Water everywhere
This is a level 3-4 number activity from the Figure It Out series. A PDF of the student activity is available.
About this resource
Figure It Out is a series of 80 books published between 1999 and 2009 to support teaching and learning in New Zealand classrooms.
This resource provides the teachers' notes and answers for one activity from the Figure It Out series. A printable PDF of the student activity can be downloaded from the materials that come with this resource.
Water everywhere
Required materials
- a classmate
See Materials that come with this resource to download:
- Water everywhere activity (.pdf)
Activity
Discuss Dad’s plan.
- Would it work? (Yes.)
- What is wrong with it? (There are unnecessary sections of pipe, which will waste money and installation time.)
The students can then set about deciding how they will redesign the irrigation system, using as few pipes as possible.
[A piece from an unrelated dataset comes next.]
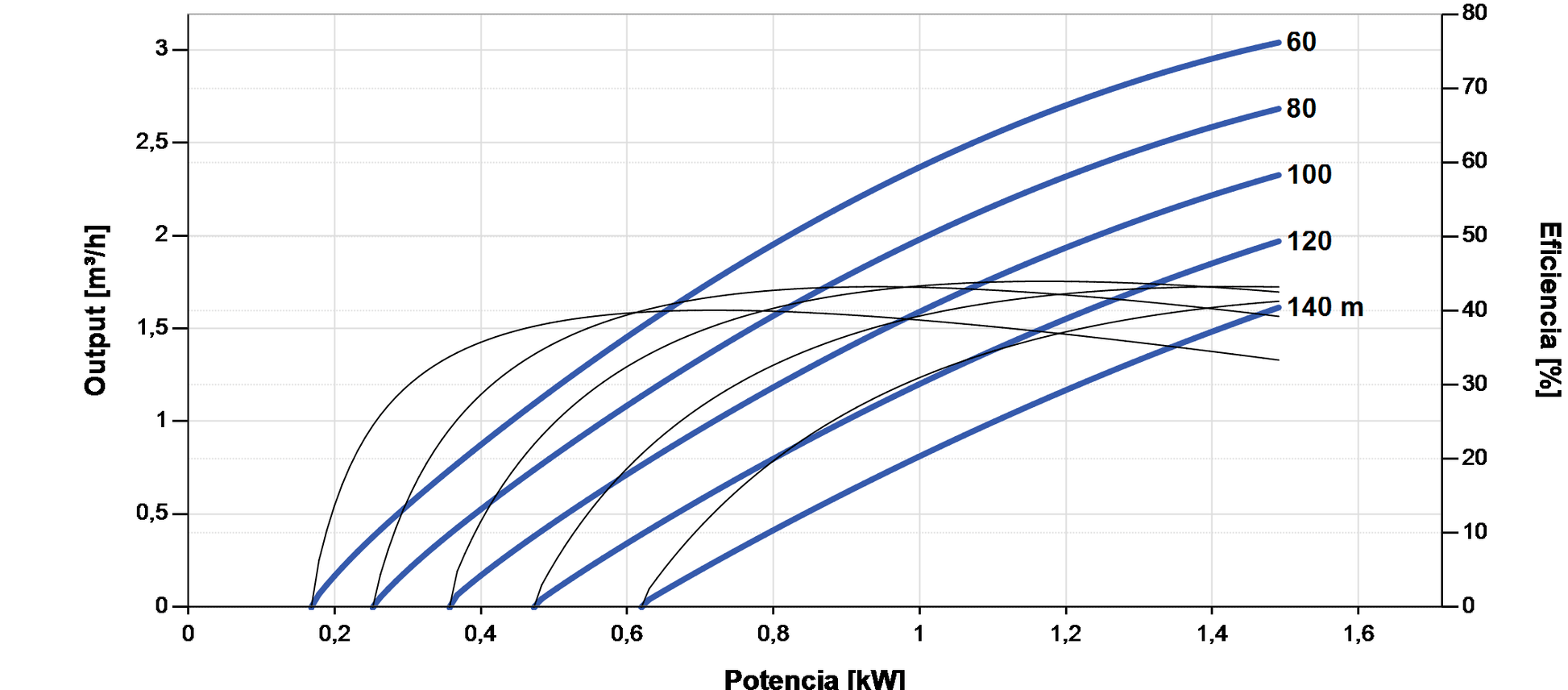 | Caudal / Altura máx. | 3,0 m³/h / 140 m |

The most likely problem-solving strategy will be trial and error. The students may find it helpful to make a list of their various attempts, adding the lengths so that comparisons can be made. If they want to explore whether the best solution is to lay pipes in a completely different configuration (for example, a single trunk line with feeder pipes going off at right angles), they will need to construct a scale diagram. This will require careful use of a compass to draw the triangles accurately and would be a valuable exercise in its own right. (In reality, a trunk line does not minimise pipe length.)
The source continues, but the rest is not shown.